I am passing the string value through link in the URL to the next page like this <a href="ApplicationRegister.php?plan=trial">
In the ApplicationRegister.php page, i am getting this value like this $plan = $_GET["plan"];
and i will put this into a session variable like this $_SESSION['plans'] = $plan;
Here i am getting the value. but after the if statement i am not getting the value for this plan even after using Session variable.
My complete code is like this
$plan = $_GET["plan"];
echo $plan;
$_SESSION['plan'] = $plan;
$plans = $_SESSION['plan'];
echo $_SESSION['plans'];
include('connect.php');
If (isset($_POST['submit']))
{
$CompanyName = $_POST['CompanyName'];
$CompanyEmail = $_POST['CompanyEmail'];
$CompanyContact = $_POST['CompanyContact'];
$CompanyAddress = $_POST['CompanyAddress'];
$StoreName = $_POST['StoreName'];
echo $plans;
$myURL ="$_SERVER[HTTP_HOST]";
$myURL =$StoreName.'.'.$myURL;
if (stripos($myURL, 'www.') !== 0) {
$myURL = 'www.' . $myURL;
}
if (stripos($myURL, 'http://') !== 0) {
$myURL = 'http://' .$myURL;
}
if(stripos($myURL, '.com') !== 0) {
$myURL = $myURL . '.com';
}
echo $plans;
$RegistrationType = $_POST['RegistrationType'];
$Status = "Active";
$sql = "select * from plans where planname = '$plans'";
echo $sql;
mysql_query($sql) or die (mysql_error());
$planID = $row['planid'];
$query1 = "select count(CompanyEmail) from ApplicationRegister where CompanyEmail = '$CompanyEmail'" ;
$result1 = mysql_query($query1) or die ("ERROR: " . mysql_error());
$msg = "";
while ($row = mysql_fetch_array($result1))
{
if($row['count(CompanyEmail)'] > 0)
{
$msg = "<font color='red'> <b>This E-mail id is already registered </b></font> ";
break;
}
}
if($msg == "")
{
$query2 = "select count(URL) from ApplicationRegister where URL = '$myURL' ";
$result2 = mysql_query($query2) or die ("ERROR: " . mysql_error());
$msg = "";
while ($row = mysql_fetch_array($result2))
{
if($row['count(URL)'] > 0)
{
$msg = "<font color='red'> <b>This Stroename is already registered </b></font> ";
break;
}
}
if($msg == "")
{
$sql = "INSERT INTO ApplicationRegister(planid, CompanyName, CompanyEmail, CompanyContact, CompanyAddress, RegistrationType, ApplicationPlan, ApplicationStatus, URL, CreatedDate) VALUES ('$planID', '$CompanyName', '$CompanyEmail', '$CompanyContact', '$CompanyAddress', '$RegistrationType', '$plans', '$Status', '$myURL', NOW() )";
mysql_query($sql) or die(mysql_error());
$id = mysql_insert_id();
$_SESSION['application_id'] = $id;
if($plans == "trail")
{
header("Location: userRegister.php");
exit();
}
else
{
header("Location : PaymentGateway.php");
exit();
}
}
}
}
?>
Only in the beginning it holds the value , if i try to display it within theIf (isset($_POST['submit'])) it shows blank value for plans.

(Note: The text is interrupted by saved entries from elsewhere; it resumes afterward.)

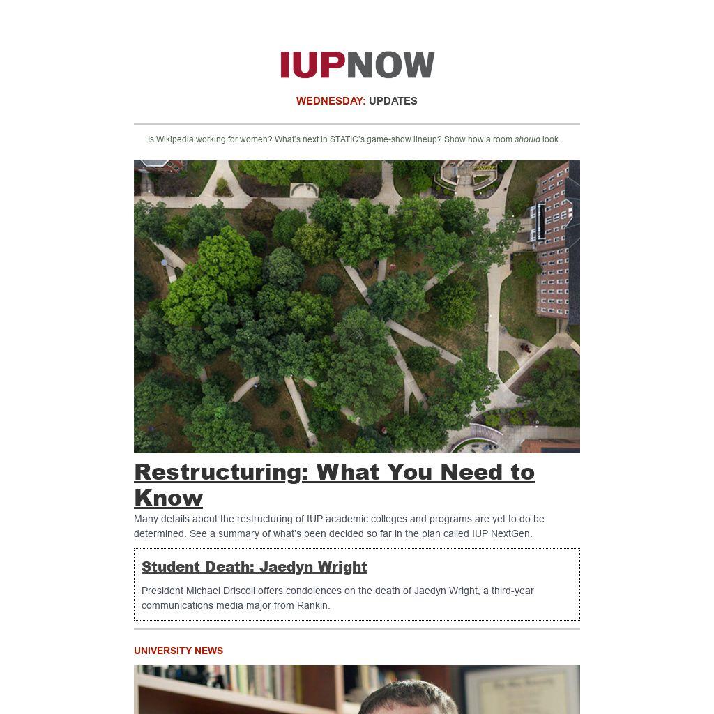 Distributed to IUP employees and students four days a week, IUP Now is the official newsletter of Indiana University of Pennsylvania. It features news from across the IUP website, compiled by the Division of Marketing and Communications. Find out how to get your news and events in IUP Now.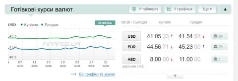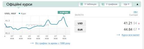 Сьогодні, 1 листопада, середній готівковий курс долара становить 41,54 гривні у продажу та 41,05 гривні в купівлі, а євро – 45,23 гривні у продажу та 44,56 гривні у купівлі.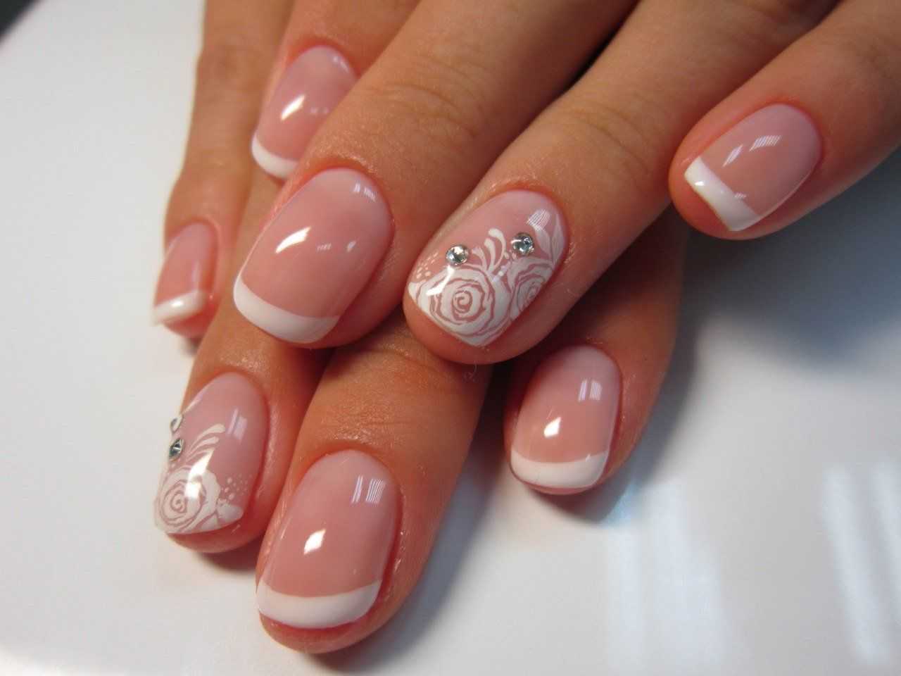 Для декорирования французского или лунного свадебного маникюра используются хрустальные, стеклянные или пластиковые стразы. Хрустальные стразы, стразы Сваровски смотрятся намного эффектнее обыкновенных, но стоят дороже.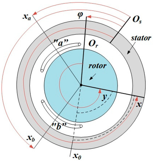 Each of the stator windings “a” and “b” (Figure 6) of the pole pair number equal to p wound symmetrically on the stator generates an electromotive force, which can be approximated by a Fourier series of harmonic orders for winding “a” and for winding “b” (15), belonging to the same set , .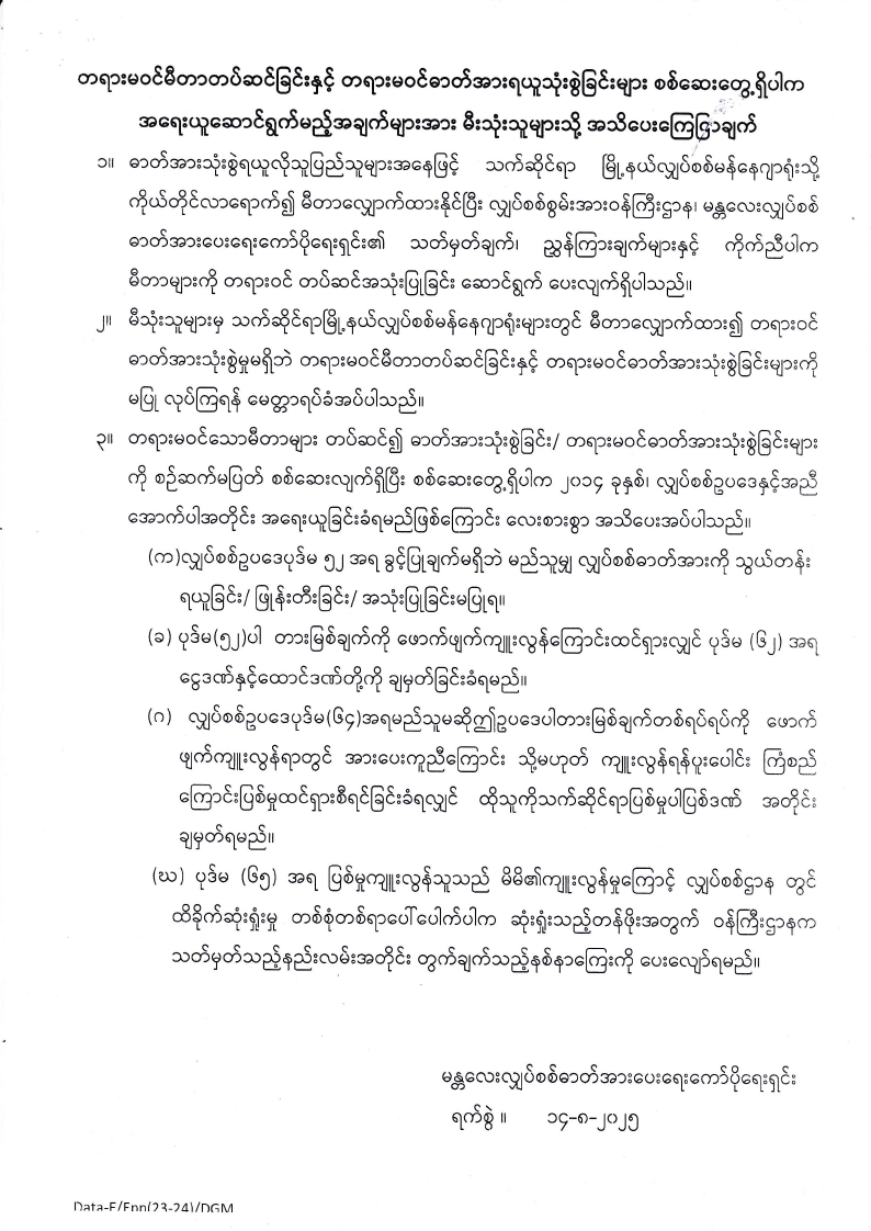 မီးသုံးသူများသို့ အသိပေးကြေငြာချက်

Do not know what to do. Plz suggest
EDITED
Even after using like this, its the same. i do not know what may be the problem :(
$plan = $_GET["plan"];
echo $plan;
$_SESSION['plans'] = $plans;
echo $_SESSION['plans'];
// $plan = +$plan;
include('connect.php');
If (isset($_POST['submit']))
{
$CompanyName = $_POST['CompanyName'];
$CompanyEmail = $_POST['CompanyEmail'];
$CompanyContact = $_POST['CompanyContact'];
$CompanyAddress = $_POST['CompanyAddress'];
$StoreName = $_POST['StoreName'];
echo $_SESSION['plans'];
EDITED
In ApplicationRegister.php, i have passed the hiddenvalue which i got fro\m previous page like this
<input type="hidden" name="plan" value="<?php echo $plan ?>"/>
then POST method i have used this. Now i am getting the value for it. Thanks to all
EDITED
if($PlanName == "trail")
{
header("Location: userRegister.php");
exit();
}
else
{
header("Location : PaymentGateway.php");
exit();
}

It's because you're not calling session_start() at the top of the page. You need that for your sessions to persist across requests (which is the point of sessions)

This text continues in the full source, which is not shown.